Die Mindestdeckung bei Kfz-Versicherung ist ein wichtiger Bestandteil einer jeden Autohaftpflichtversicherung. Man versteht darunter den Betrag, der als niedrigste Deckungssumme vorgeschrieben wird. Diesen Betrag müsste die Versicherung dann im Schadensfall auszahlen, es sei denn man vereinbart eine höhere Deckungssumme.
Die Mindestdeckung bei einer Kfz-Versicherung ist eine Rechtsverordnung zum Schutzes des Versicherungsnehmers sowie auch des Versicherungsunternehmens. Sie wurde vom Bundesministeriums für Justiz festgelegt. Diese Mindestdeckung hält die vereinbarte Summe für Sach-, Vermögens- sowie Personenschäden fest.
Autounfälle gibt es auf Deutschlands Straßen leider zu viele. Blechschäden werden da täglich zum Gegenstand von Versicherungsteilnehmern, da man die Kosten der Schäden am Fahrzeug gern ersetzt haben möchte. Die Mindestdeckung wird nach einem Schaden erst dann erbracht wenn der Schadensfall positiv geprüft wurde. Üblicherweise muss der Versicherungsnehmer nur den Schaden melden den Rest übernimmt die Kfz-Versicherung. Wie hoch die eigenen Mindestdeckung ist kann individuell vereinbart werden.
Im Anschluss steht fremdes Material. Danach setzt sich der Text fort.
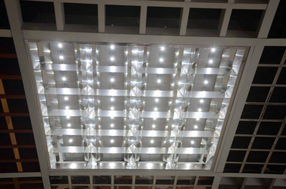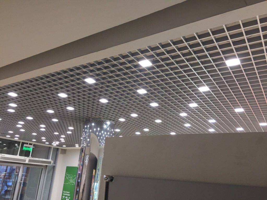 - Поскольку решетчатые подвесные системы существенно снижают высоту помещения, накладные и подвесные лампы должны иметь малую высоту, чтобы не занимать много полезного объема. Именно поэтому светодиодное освещение для решетчатых потолков достаточно популярно в не очень высоких помещениях – офисах, клубах, торговых центрах и пр.

Nimmt man die Mindestdeckung der Kfz Versicherung nicht in Anspruch, belastet man damit auch nicht die Schadenfreiheitsklasse. Unter Umständen kann Sie die Klärung eines Schadens außerhalb Ihrer Haftpflichtversicherung jedoch sehr viel teurer zu stehen kommen. Hier finden Sie übrigens einen Artikel darüber wie Sie im Falle eines Falles Ihre alte Kfz-Versicherung fristgerecht kündigen. Sie können natürlich immer frei wählen zwischen einer gesetzlichen Mindestabdeckung und einer unbegrenzten Deckung. Natürlich ist es klüger nur einen Teil zahlen zu müssen. Denn im Moment belaufen sich Personenschäden auf circa 2,5 Millionen Euro, Sachschäden auf mindestens 500.000 Euro und Vermögensschäden auf 50.000 Euro. Also denken auch Sie an die Mindestdeckung bei Kfz-Versicherung zu ihrem eigenen Schutz.